▸ DATA EXTRACTS:
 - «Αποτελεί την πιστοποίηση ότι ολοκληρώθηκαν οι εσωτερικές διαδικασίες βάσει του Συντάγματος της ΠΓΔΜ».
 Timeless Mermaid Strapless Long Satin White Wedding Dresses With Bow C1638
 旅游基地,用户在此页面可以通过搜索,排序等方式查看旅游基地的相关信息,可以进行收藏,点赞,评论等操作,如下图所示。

==

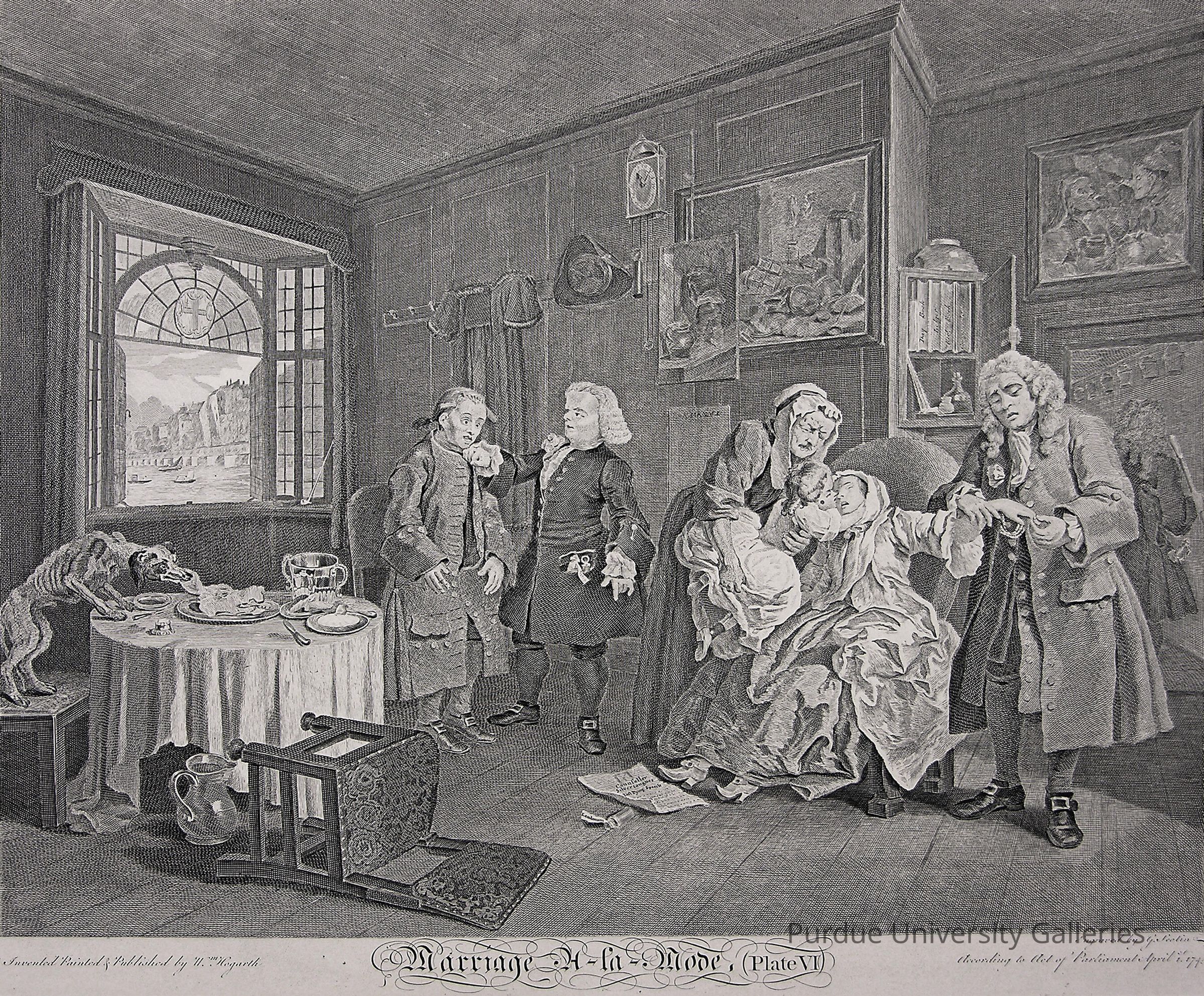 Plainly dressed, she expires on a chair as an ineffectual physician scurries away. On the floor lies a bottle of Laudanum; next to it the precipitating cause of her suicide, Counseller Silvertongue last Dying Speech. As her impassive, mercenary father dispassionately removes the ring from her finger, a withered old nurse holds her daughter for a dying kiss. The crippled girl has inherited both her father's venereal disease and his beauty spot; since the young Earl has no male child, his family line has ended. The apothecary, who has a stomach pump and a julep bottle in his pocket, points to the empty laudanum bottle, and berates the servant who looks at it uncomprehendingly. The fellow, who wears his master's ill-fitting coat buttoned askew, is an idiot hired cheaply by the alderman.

▸ WORK TO COMPLETE:
Would you quote everything above from the line containing "Timeless Mermaid Strapless" down to the line containing "旅游基地,用户在此页面可以通"? Include both of those lines and nothing else.

▸ SOLVED PROBLEM:
 Timeless Mermaid Strapless Long Satin White Wedding Dresses With Bow C1638
 旅游基地,用户在此页面可以通过搜索,排序等方式查看旅游基地的相关信息,可以进行收藏,点赞,评论等操作,如下图所示。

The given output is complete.